Excerpted records ->
- Opening Delimiter -
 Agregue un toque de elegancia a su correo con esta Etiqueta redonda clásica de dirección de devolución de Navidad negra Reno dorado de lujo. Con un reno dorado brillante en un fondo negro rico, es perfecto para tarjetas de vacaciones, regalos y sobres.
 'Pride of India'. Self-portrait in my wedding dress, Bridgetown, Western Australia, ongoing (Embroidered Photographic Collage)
- Closing Delimiter -
- Opening Delimiter -
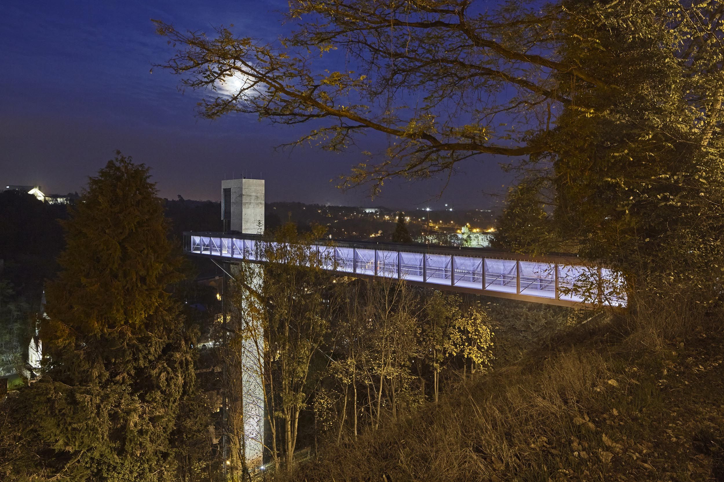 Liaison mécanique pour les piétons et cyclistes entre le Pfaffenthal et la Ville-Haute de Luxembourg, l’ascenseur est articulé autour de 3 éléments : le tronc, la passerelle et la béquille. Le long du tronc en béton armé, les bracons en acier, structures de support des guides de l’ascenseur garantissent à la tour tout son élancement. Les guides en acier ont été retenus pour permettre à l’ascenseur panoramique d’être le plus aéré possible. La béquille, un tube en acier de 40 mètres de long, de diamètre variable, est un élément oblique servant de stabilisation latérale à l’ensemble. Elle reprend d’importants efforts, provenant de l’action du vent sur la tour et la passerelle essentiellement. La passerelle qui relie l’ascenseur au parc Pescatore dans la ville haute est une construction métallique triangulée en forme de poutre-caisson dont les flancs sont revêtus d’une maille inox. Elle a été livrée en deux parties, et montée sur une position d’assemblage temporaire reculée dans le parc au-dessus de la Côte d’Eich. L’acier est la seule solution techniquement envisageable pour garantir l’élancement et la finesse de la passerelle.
- Closing Delimiter -
Task to complete ->
The reply should hold only the lines of the listing above starting at the line containing "Agregue un toque" and ending at the line containing "(Embroidered Photographic Collage)", exactly as written.

Written answer ->
 Agregue un toque de elegancia a su correo con esta Etiqueta redonda clásica de dirección de devolución de Navidad negra Reno dorado de lujo. Con un reno dorado brillante en un fondo negro rico, es perfecto para tarjetas de vacaciones, regalos y sobres.
 'Pride of India'. Self-portrait in my wedding dress, Bridgetown, Western Australia, ongoing (Embroidered Photographic Collage)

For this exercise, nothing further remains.